Rep. Rashida Tlaib (D-MI)

Il loro obiettivo era quello di costruire ponti, ma l’incontro si è presto trasformato in polemico, in quanto Gottheimer ha colto l’occasione per obiettare su alcune dichiarazioni che Tlaib aveva fatto sul conflitto, portando con sé anche un raccoglitore pieno di osservazioni che lei aveva fatto.

“Stava usando un tono molto severo, come un padre con un bambino”, ha detto Tlaib alla stampa. “

È un incidente che illustra quando il contatto tra gruppi può andare male. A metà del 20° secolo, lo psicologo sociale di Harvard Gordon Allport teorizzò che un maggior contatto tra persone di gruppi diversi poteva aiutare a ridurre i pregiudizi e le tensioni sociali; più persone entravano in contatto tra loro, diceva la sua teoria, più andavano d’accordo.

Tuttavia, Allport sottolineò che non tutti i contatti tra gruppi sono ugualmente costruttivi. Nel suo classico libro The Nature of Prejudice, citava esempi di cambiamenti demografici che sembravano alimentare l’ostilità e il conflitto:

In America le condizioni più gravi di tumulto hanno coinciso con l’immigrazione di un gran numero di gruppi sfavoriti. Esempi sono la rivolta di Broad Street a Boston nel 1832 quando la popolazione irlandese era in rapido aumento, le rivolte per gli zoot-suit a Los Angeles nel 1943 quando la manodopera messicana si stava trasferendo, la rivolta di Detroit nello stesso anno.

Questa storia portò Allport a sottolineare che certe condizioni devono essere soddisfatte perché il contatto riesca ad abbattere le barriere:

  • Sostegno delle autorità legittime;
  • obiettivi comuni e un senso di interdipendenza; e
  • una sensazione di avere uno status uguale.

Una grande quantità di ricerche successive ha validato la sua teoria di base, sia sul lato positivo che negativo. Per esempio, uno studio sulla copertura mediatica degli Stati Uniti ha scoperto che nel 2013, circa il 75% della copertura mediatica dei musulmani era negativa. Gli americani stavano vedendo un sacco di musulmani sui loro televisori, ma la copertura era incentrata su atti di terrorismo. Questo contatto intergruppo mediato mancava di quasi tutte le condizioni di Allport: Ai musulmani e ai non musulmani non veniva dato un senso di uguaglianza di status, non venivano ritratti come aventi obiettivi comuni, e non c’era un senso di interdipendenza.
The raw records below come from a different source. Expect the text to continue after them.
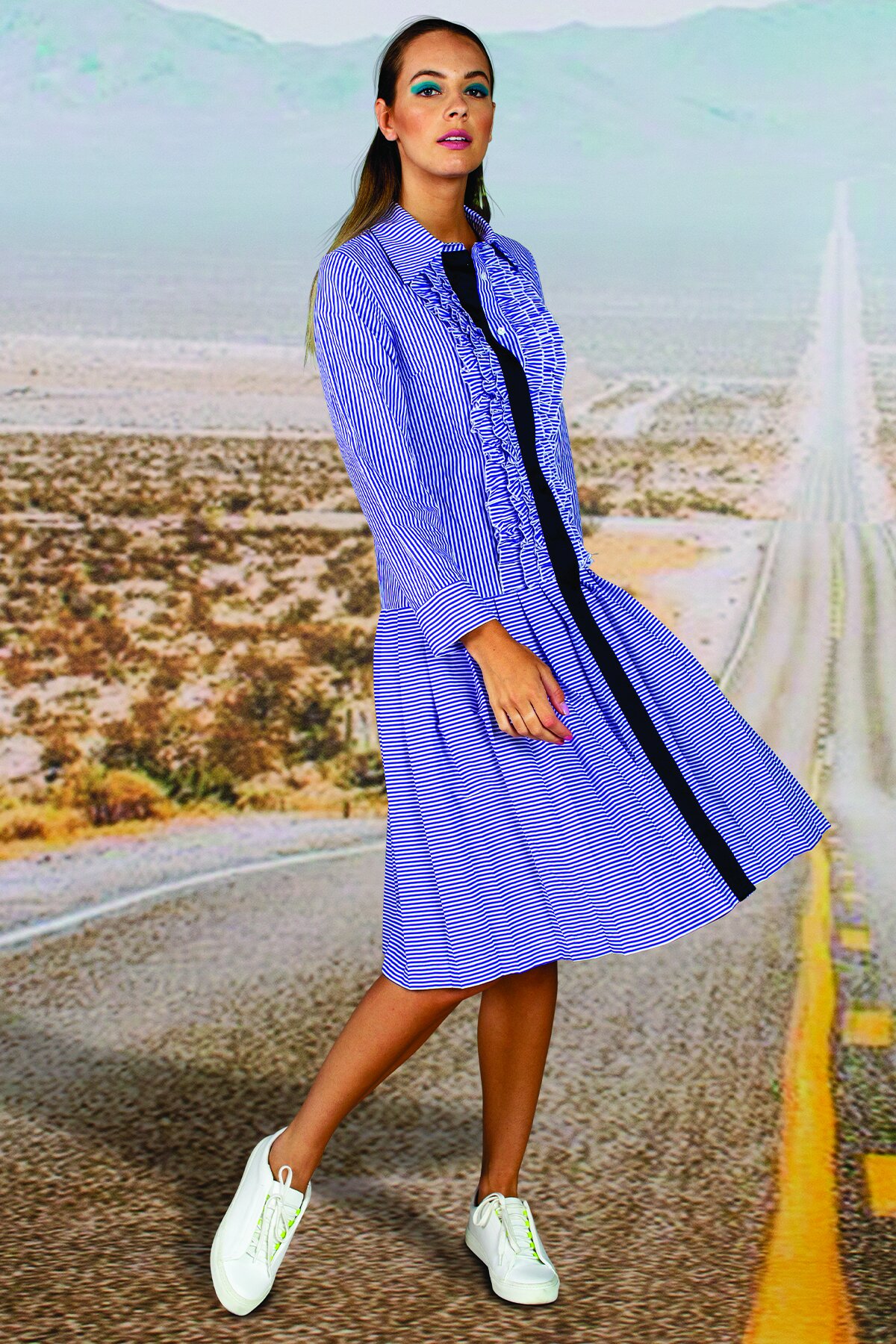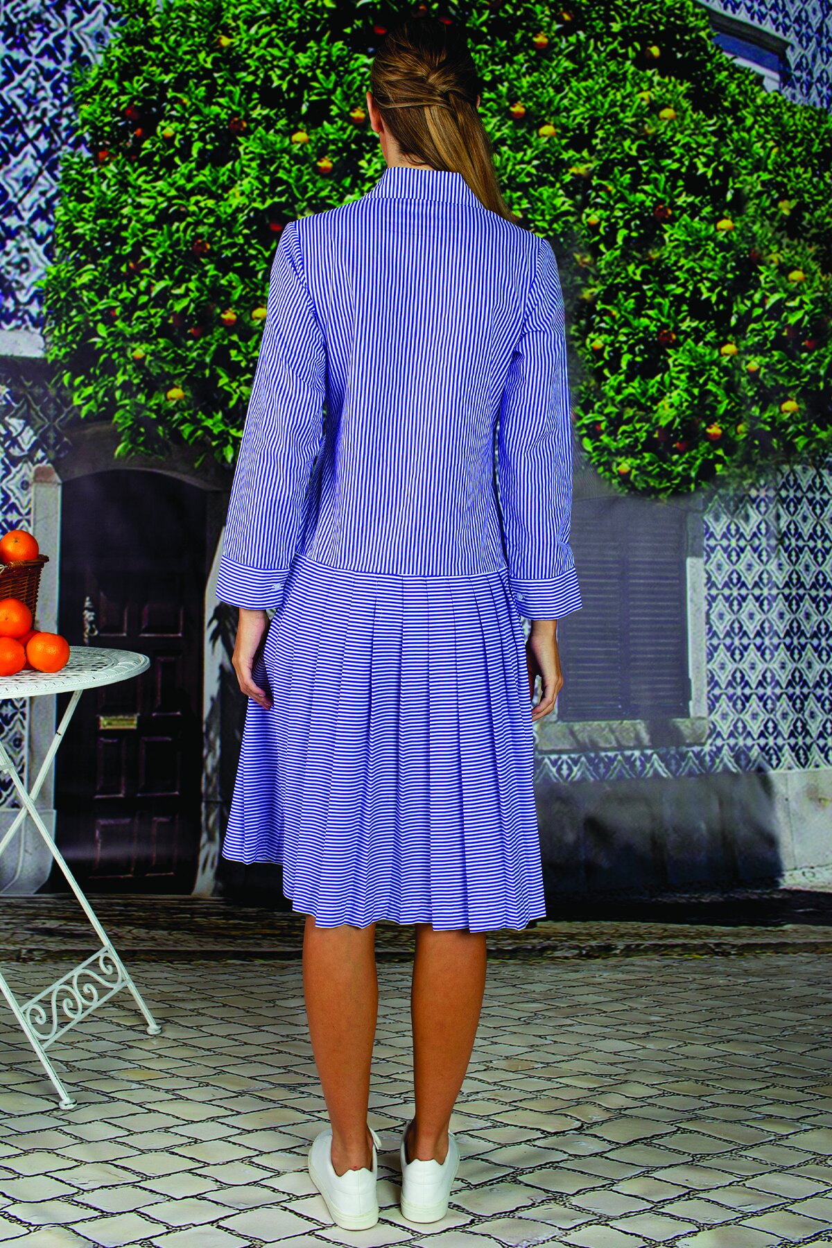 Designed in chic blue stripe cotton/poly shirting, this mid-length dress features navy ribbon detail and ruffles detail down the front. Also features a drop waist falling into a pleated skirt. We love this dress worn with sneakers for every day.
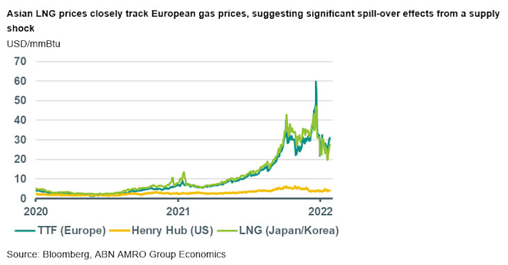 The US is a net exporter of both oil and gas, and is therefore largely insulated from external supply disruptions, though it can still be affected by price spill-overs. China is a net importer of gas, but it currently enjoys a surplus in LNG stocks and has even been selling some of this surplus recently. Japan and Korea do import some oil and gas from Russia, but the share in total energy imports is limited. Nevertheless, the LNG prices paid by Japan and Korea – specifically that which is not subject to long-term contracts – is tightly linked to those of gas prices in Europe. This is because, when supply is tight in Europe, it competes with Asia for LNG on the global market. As such, Japan and Korea might also be significantly impacted by a surge in European prices, though the degree to which it is affected will depend on just how much non-contracted gas it needs, which as in Europe depends on the severity of the winter.
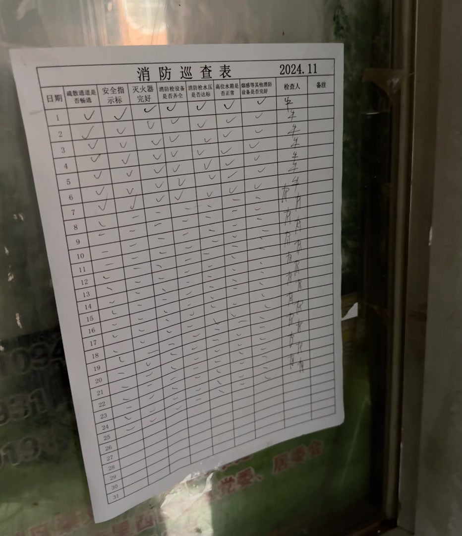 既然真實存在疏散通道被堵占的問題,為何張貼在單元門口的消防巡查表卻在“疏散通道是否暢通”一欄全打了對鉤?上述物業(yè)公司負(fù)責(zé)人支支吾吾,無法作出合理解釋。左志軍認(rèn)為該物業(yè)公司未如實記錄防火檢查情況,“我們已責(zé)令其限期改正,如果逾期未改正,我們將依法處罰。”
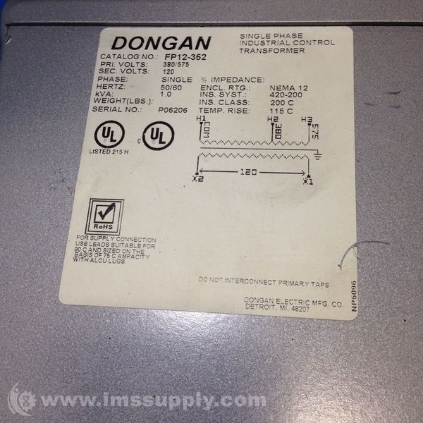 DONGAN FP12-352 INDUSTRIAL CONTROL TRANSFORMER
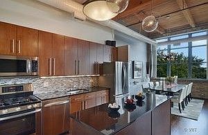 LakeView 2 Bd 2 Bath True Loft on quiet top flr at Post Card Place Lofts in prime SE corner, boasts panoramic views & light from oversized wndws, 15' timber ceilings, exposed ducts, brick & hdwd thru-out, newly renovated & open 42 " kitchen w/oversized island, updated & spa like baths all designer appointments, w/d in unit, almost 1800 sqft & both bedrooms enclosed. Roof top deck easily accessible. heated garage.
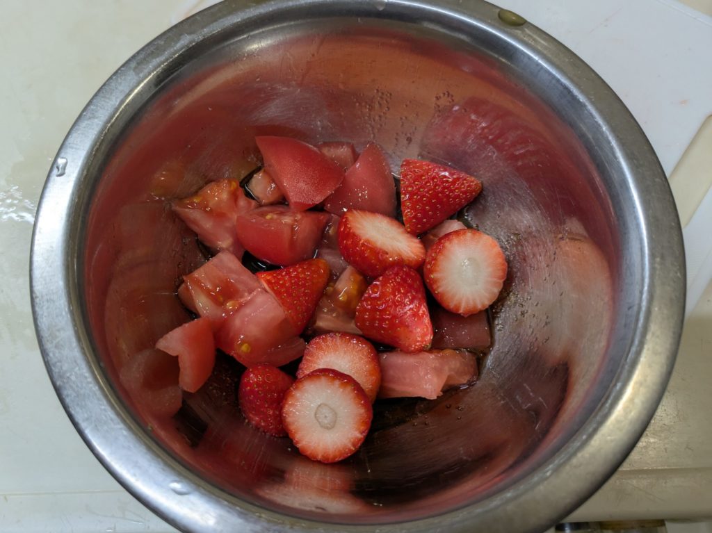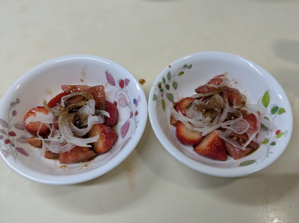 リモートシェフで紹介されたサラダを作ってみました。いちごをサラダに使うのはなんかもったいない感じですが、意外と美味しかったです。放送では生玉葱を使っていましたが、普通の玉葱で作りました。ドレッシングの量も具体的には示されてませんでしたが、そこは、私流で。
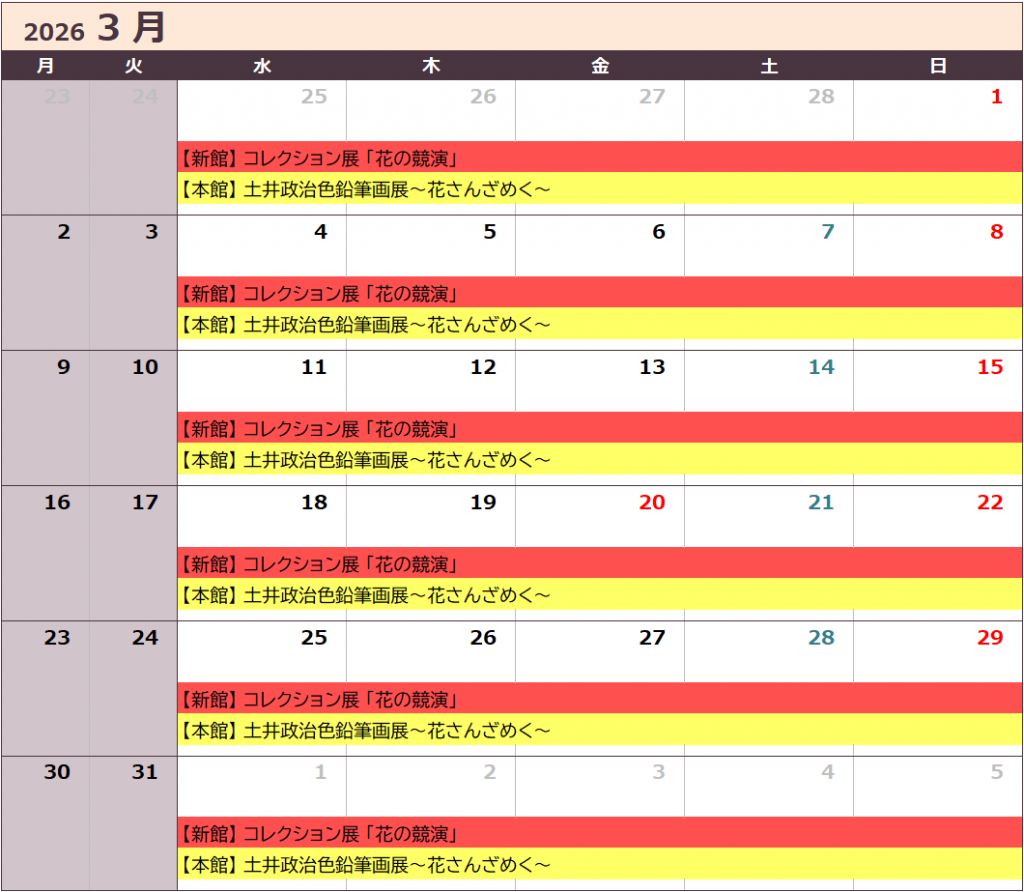 3月の休館日や時間変更のおしらせ 2026.02.21 2026年3月の休館日や時間変更のおしらせ カレンダーの下に詳しい内容を記載しています。 ⬛️3月は臨時休館、閉館時間変更はありません。 ※諸事情により、急な変更が発生する場合があります。あらかじめご了承ください。 ―――――――――――――――――――――――――――― ⬛️通常の休館日と開館時間は以下のとおりです 休 館 日 :月・火曜日(祝日の場合も含みます)、夏期・年末年始 開館時間:9:30~17:00(入館は16:30まで)
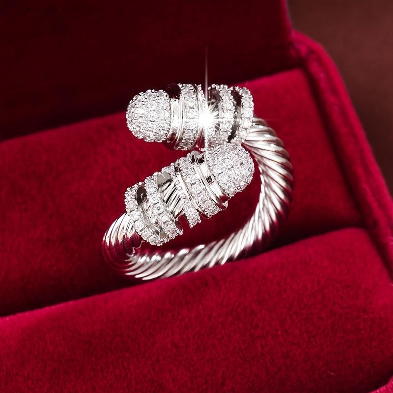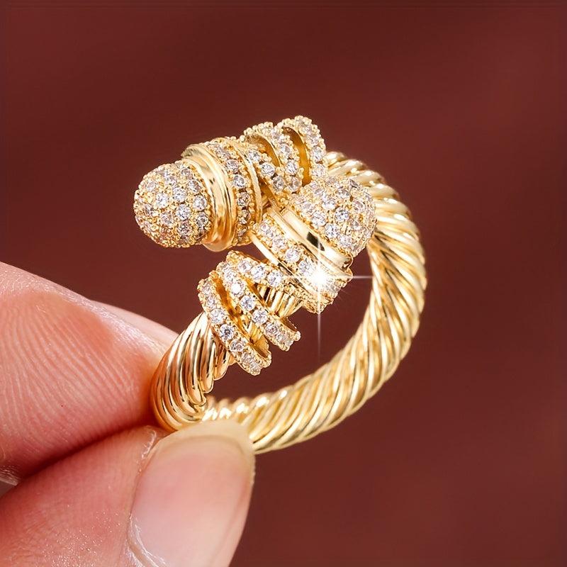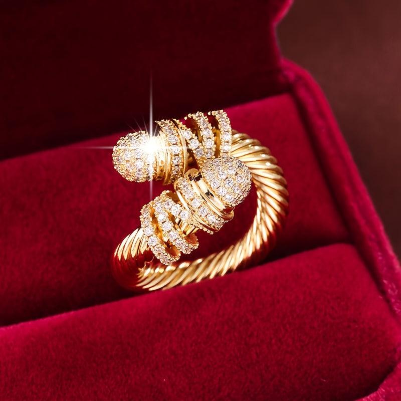 Elegant and versatile, this open ring features a geometric cross design with synthetic cubic zirconia stones. It is made of golden plated copper, perfect for parties, vacations, and year-round wear.

Dall’altro lato, sappiamo che una maggiore esposizione mediatica per gli americani gay e lesbiche negli anni ’90 è stata associata a una riduzione dei pregiudizi verso le persone provenienti da questi ambienti. Questa esposizione intergruppo ha preso la forma di rappresentazioni positive nei principali programmi televisivi – l’attrice apertamente lesbica Ellen Degeneres nella sua sitcom Ellen, per esempio, ha interagito con altri personaggi che, pur non condividendo il suo orientamento sessuale, hanno condiviso con lei obiettivi comuni e status simili.

Ci sono organizzazioni che lavorano in tutto il paese per costruire ponti tra gruppi disparati di persone – e molte di loro stanno avendo successo mettendo in pratica le intuizioni di Allport. Ecco uno sguardo ai professionisti del settore che stanno usando con successo il contatto intergruppo per colmare le divisioni.

Sostegno alle autorità legittime

Dopo le elezioni del 2016, i leader della fede e della comunità hanno contribuito a lanciare il One America Movement, che lavora per riunire le persone attraverso i divari politici, sociali, religiosi e di altro tipo.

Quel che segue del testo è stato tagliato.